People receiving Medicare Drug
Discount Card
subsidy at risk of losing Federal Housing assistance,
Consumer groups warn
Federal Court will be asked to step In
unless HUD Complies with new Medicare Law
New York, NY, July 2, 2004—The Medicare Rights
Center, a national consumer group, and the National Coalition for the
Homeless are demanding that U.S. Department of Housing and Urban
Development Secretary Alphonso Jackson immediately issue a directive
confirming that the $600 Medicare drug discount card subsidy for
low-income people will have no bearing on eligibility or payments for
federal housing assistance.
The groups warned that they will seek
a court ruling requiring HUD to halt any reduction of federal housing
assistance as a result of the Medicare drug card subsidy unless
Secretary Jackson acts promptly.
Both the non-profit Medicare Rights
Center, and Centers for Medicare and Medicaid Services Administrator
Mark McClellan have stated that the Medicare Prescription Drug,
Improvement and Modernization Act of 2003 bars the reduction or loss of
federal benefits as a result of people with Medicare enrolling in the
$600 transitional assistance program.
“The discount card program is
confusing enough for people with Medicare,” said Robert M. Hayes,
president of the Medicare Rights Center. “Now HUD, in direct defiance
of plain Congressional intent, is leaving people perplexed over whether
they have to choose between housing assistance and drug assistance.”

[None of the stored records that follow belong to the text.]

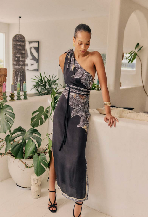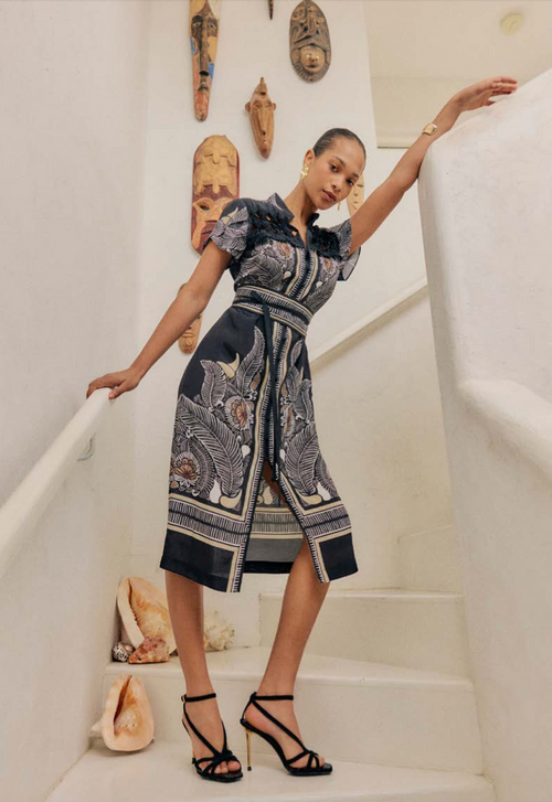 Maha Diamond Smock Yoke Viscose Faille Dress | Onyx Casablanca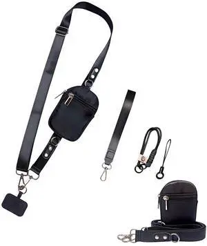 Clip and Go Strap for Phone with Wallet - Adjustable and Detachable Phone Lanyard Crossbody, Wrist Wallet for Home Travel (Black)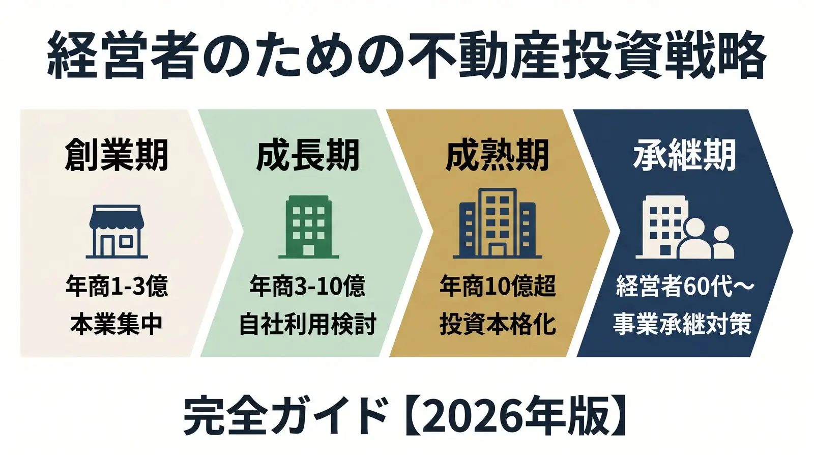 中小企業オーナーの不動産投資戦略は、事業ステージによって最適解が大きく異なります。4つのフェーズ別に整理します。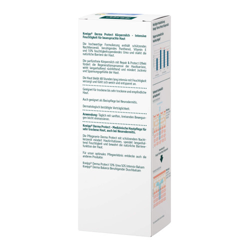 Die hochwertige Formulierung enthält schützendes Nachtkerzenöl, beruhigendes Panthenhol, Vitamin E und 10% feuchtigkeitsspendendes Urea und stärkt die natürliche Barriere der Haut. Die parfümfreie Körpermilch mit Repair & Protect Effekt fördert die Regenerationsprozesse der Hautbarriere, wirkt langanhaltend rückfettend und mindert Juckreiz und Spannungsgefühle der Haut. Die Haut bleibt 48 Stunden lang intensiv mit Feuchtigkeit versorgt und fühlt sich weich und entspannt an. Das aus den Samen gewonnene Nachtkerzenöl verfügt über einen außerordentlich hohen Gehalt an wertvoller Gamma-Linolensäure, die besonders zur Pflege und Versorgung der Haut von Neurodermitikern geeignet ist. Kneipp Derma Protect – Medizinische Hautpflege für sehr trockene Haut, auch bei Neurodermitis. Die Pflegeserie Derma Protect mit schützendem Nachtkerzenöl mindert Hautirritationen, spendet langanhaltend Feuchtigkeit und bewahrt die natürliche Barrierefunktion der Haut. Für ein optimales Pflegeerlebnis entdecke auch die anderen Produkte: Kneipp Derma Protect 10% Urea SOS Intensiv Balsam (PZN 19815319), Kneipp Derma Balance Beruhigender Duschbalsam (PZN 19829356).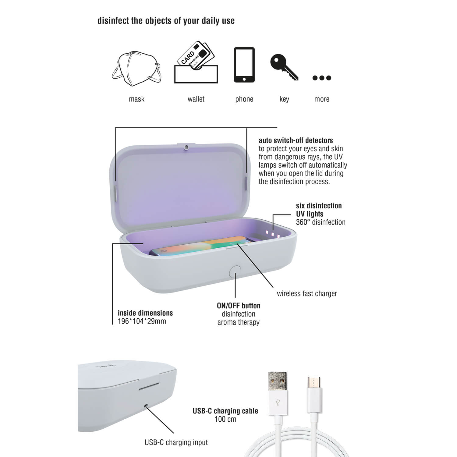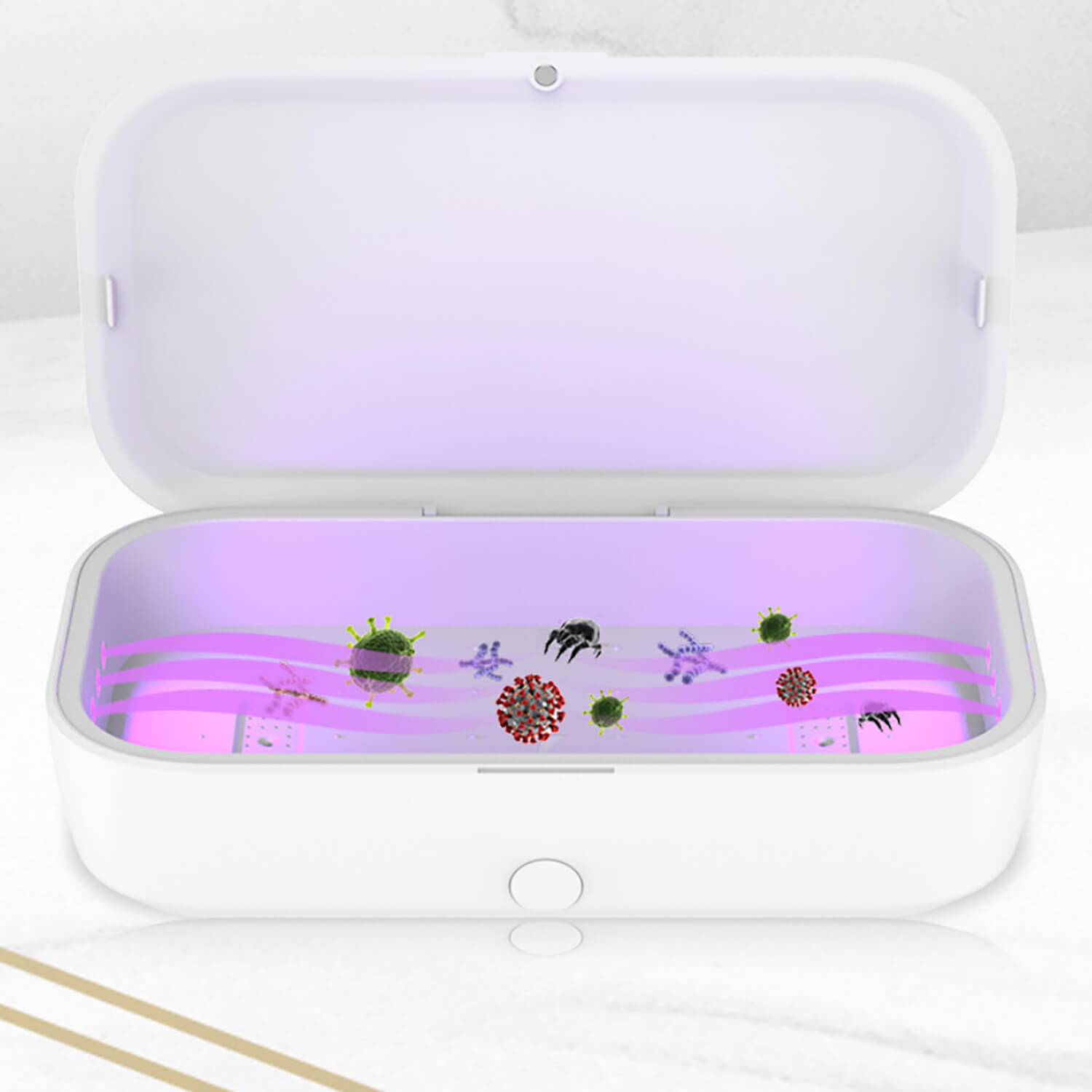 - 360-градусова дезинфекция: Използвайте времето, докато телефонът ви се зарежда да го освободете от 99,9% от всички нежелани бактерии и вредни вируси. Шест ултравиолетови лампи го дезинфекцират от всички страни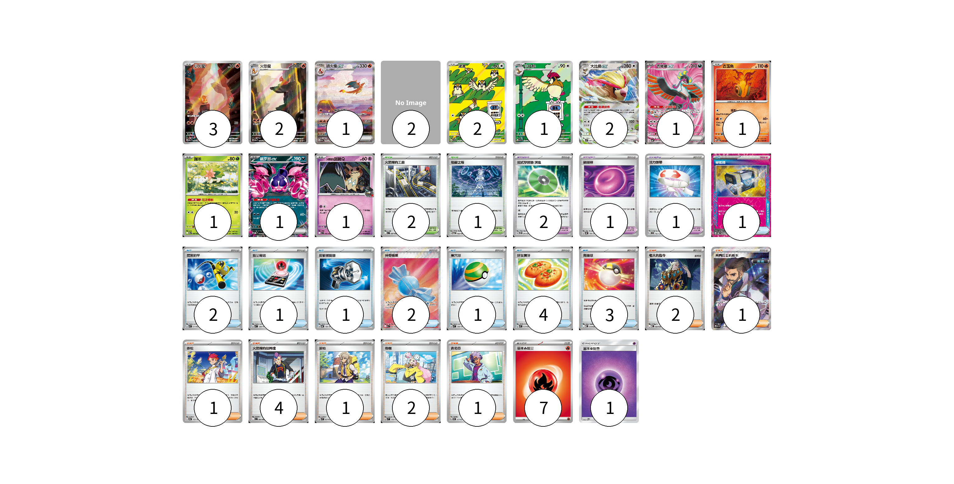 牌組構築方案 以此牌組為基礎新構築牌組 顯示卡面 顯示列表 寶可夢卡(16) 3 2 1 2 1 2 1 1 1 1 1 寶可夢道具(4) 2 1 1 物品卡(15) 1 2 1 1 2 1 4 3 支援者卡(12) 2 1 1 4 1 2 1 競技場卡(3) 2 1 能量卡(8) 7 1 寶可夢卡(16) 卡牌名稱 張數 卡牌名稱 張數 小火龍 SV2a 168/165 03 火恐龍 SV2a 169/165 02 噴火龍ex SV2a 201/165 01 波波 SV3 118/108 02 比比鳥 SV3 119/108 01 大比鳥ex SV3 089/108 02 吉雉雞ex SV6a 081/064 01 古玉魚 SV5a 018/066 01 謝米 SV9a 006/063 01 桃歹郎ex MBG 009/022 01 <火箭隊的>謎擬Q SV10 042/098 01 寶可夢道具(4) 卡牌名稱 張數 卡牌名稱 張數 招式學習器 演進 SVTL 017/021 02 鎖鏈糬 SV8a 154/187 01 活力頭帶 SVD 125/139 01 物品卡(15) 卡牌名稱 張數 卡牌名稱 張數 秘密箱 SV6 092/101 01 厲害釣竿 SVK 011/042 02 能量輸送 SVM 128/175 01 反擊捕捉器 SV8a 139/187 01 神奇糖果 M1S 082/063 02 巢穴球 SVM 133/175 01 好友寶芬 SVK 015/042 04 高級球 MBD 014/022 03 支援者卡(12) 卡牌名稱 張數 卡牌名稱 張數 老大的指令 MBD 020/022 02 弗圖博士的劇本 SV4M 086/066 01 赤松 SV8a 163/187 01 火箭隊的拉姆達 SV10 094/098 04 派帕 SVK 035/042 01 奇樹 SVM 160/175 02 吉尼亞 SVAL 017/021 01 競技場卡(3) 卡牌名稱 張數 卡牌名稱 張數 火箭隊的工廠 SV10 097/098 02 阻礙之塔 SV6 100/101 01 能量卡(8) 卡牌名稱 張數 卡牌名稱 張數 基本火能量 sv-p FIR 07 基本超能量 AS6D PSY 01 以此牌組為基礎新構築牌組 牌組編碼 TqUTId-CHJgJy-UwXzuk copy 列印牌組單 牌組編碼已複製 分享至SNS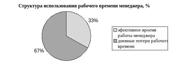 2. Студенты анализируют итоги таблицы 3 и 4, на основе чего рассчитывают и представляют графически структуру использования рабочего времени менеджера (см. рис.2).

After initial mishaps called to public
attention by Senator Tom Daschle (D - SD), the United States Department
of Agriculture agreed that it cannot deny or reduce food stamps
allotments for low-income people with Medicare who get the annual $600
Medicare drug discount card subsidy. Individuals with Medicare who have
annual incomes below $12,569 (couples – $16,862) are eligible for a
$600 subsidy on the Medicare-approved drug discount cards this year and
next. The MMA states that the transitional assistance cannot be treated
as benefits “or otherwise be taken into account in determining an
individual’s eligibility for, or the amount of benefits, under any
other Federal Program.”
A letter to Secretary Jackson from the
Medicare Rights Center and National Coalition for the Homeless, warns
that they are “prepared to seek a declaratory judgment in federal
court to compel your compliance with the MMA if HUD fails to do so.”